The most disheartening thing about all of this is how much I've considered going home. I could move to a better neighborhood in a different town and my troubles would disappear. Unlike everyone else that lives in this community that has become like a family to me, I can leave at any time. I can walk up to you and talk about this and if I don't mention my disability, you'll give me the time of the day. Devon, a local activist that was trying to raise awareness was shot six times during a stop-and-frisk type incident where the police reported to finding a gun and drugs in his bookbag.

He had never even smoked a cigarette and he was a Buddhist. By nature of his socioeconomic status and his appearance, they were able to erase a voice that shouted against them and in the process no one in polite society batted an eye. I tried, I really tried to help but one man can do nothing against this level of institutionalized murder and hatred. A man can kill twenty-two young women over the course of six months and operate with impunity because of the race of his victims and his position on the force.

If this happened in Beverly Hills it would be on every news channel with pundits weighing in. But here in the neighborhood, it is how life works. Tamiqua says I should be careful. She told me that she had been seeing that car when she went to work at the convenience store down the road. What's worse is that the officer in question comes in there at night and lingers in the back before leaving without saying a word. I told her that I would take her with me and that we could move back to my hometown, but she refused to leave her family.

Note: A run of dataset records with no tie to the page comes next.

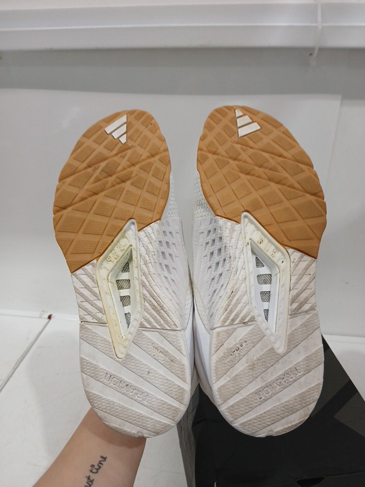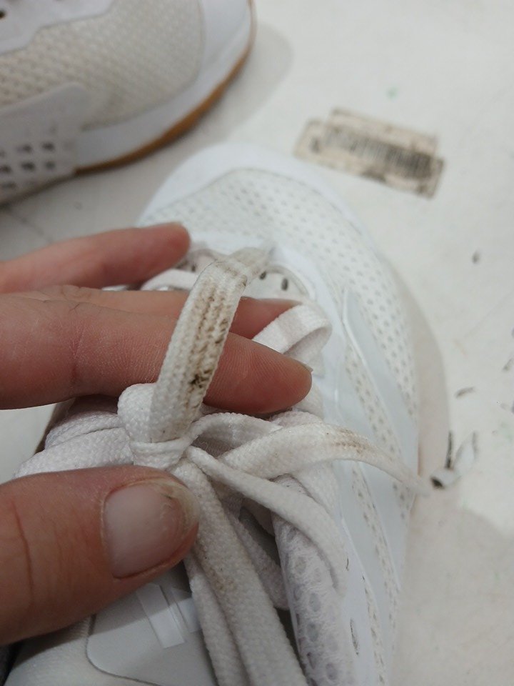 Has some wear on the soles. The laces are slightly discolored.
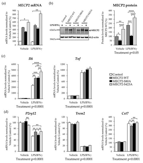 3.3. Overexpression of Phosphorylation-Deficient Variants of MECP2 Increases the Expression of Pro-Inflammatory Cytokines in BV2 Cells upon LPS/IFNγ-Induced Activation
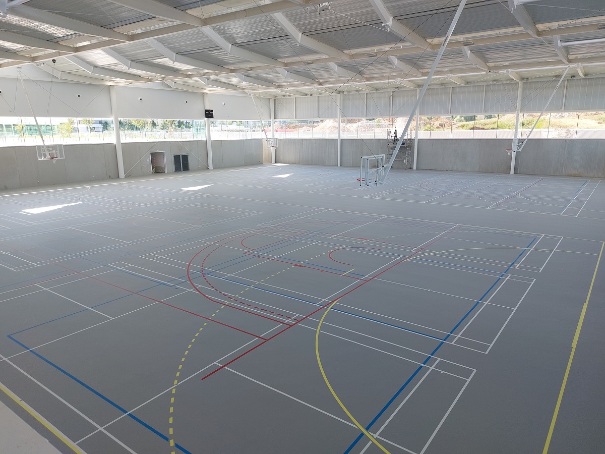 Ce sont ensuite 3650m² de PVC qui ont été installés. Plus de 2000m2 de Variuse de chez GRABO dans une salle, et 1350m² de Extrême, toujours du même fournisseur mais aux qualités sportives encore plus performantes, dans une autre. Deux produits idéals pour permettre la pratique combinée de différents sports d’intérieur comme le basketball, le handball ou le volleyball.
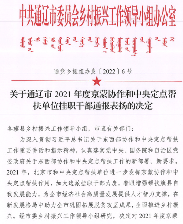 近日,中共通辽市委印发《关于通辽市2021年度京蒙协作和中央定点帮扶单位挂职干部通报表扬的决定》,并专门致函学校,对公司定点帮扶挂职干部尤廷秀、周辉2名同志在当地的优秀表现进行通报表扬。
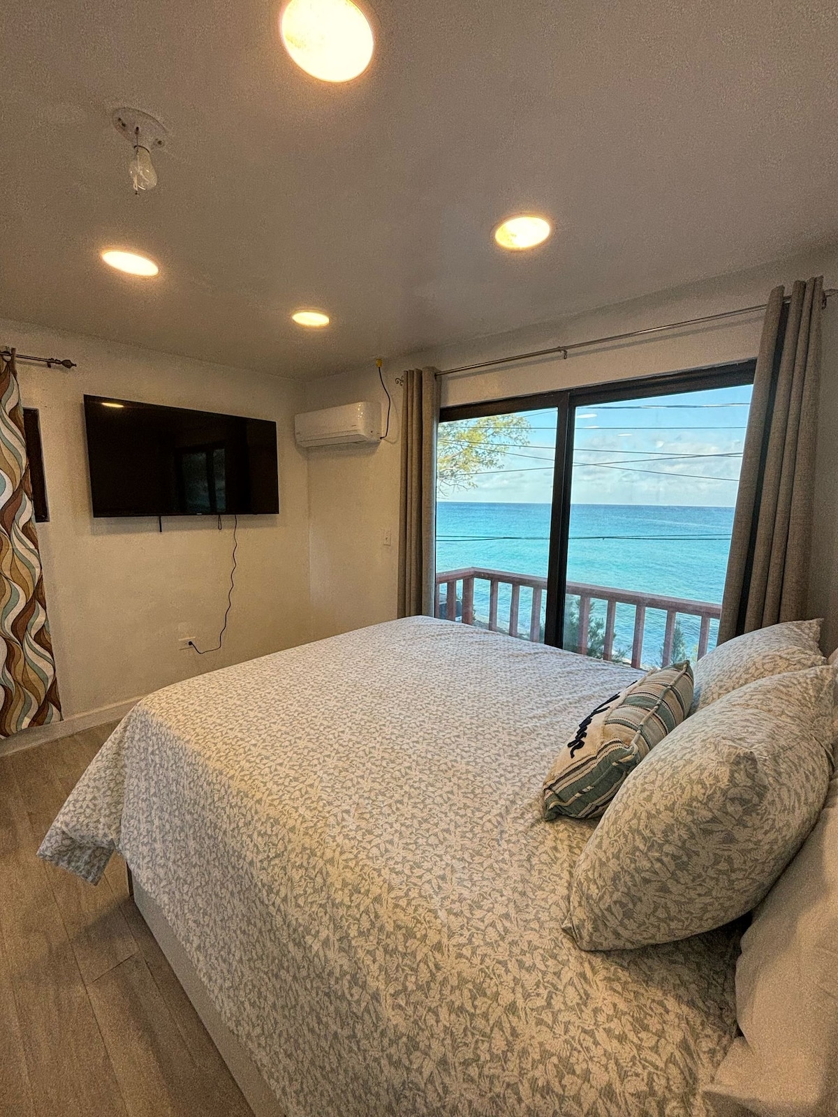 ZGORNJA ENOTA Pobegnite v raj v udobnem garsonjerskem apartmaju na plaži v Bimiju na Bahamih. Idealno za samostojne popotnike ali pare! V ***zgornjem nadstropju*** se nahaja zakonska postelja, kuhinjska niša, jedilnica in zasebni balkon z osupljivim razgledom na sončni zahod. Le nekaj korakov od plaže uživajte v plavanju, sončenju ali sproščanju s priloženimi stoli in brisačami za plažo. Vse, kar potrebujete za sproščujoč in nepozaben oddih na otoku, je prav tukaj!

I'm rambling because I'm nervous. The convenience store is only six blocks from here. She was supposed to get off work at 3PM, but it's almost midnight. If I still had my cameras I'd sit here and watch her walk home or go through the footage and try to find her, but the last time I tried to set some up the new ruling gang made it a point beat me within an inch of my life. Looking back at everything that has happened I can do nothing but sit here and worry about Tamiqua.

I wish I lived in a world where all life was as precious as my goddess of a girlfriend. Sadly, I live in a world where the people tasked with protecting us see her as less than human. I can hear sirens in the distance. I hope she comes home soon.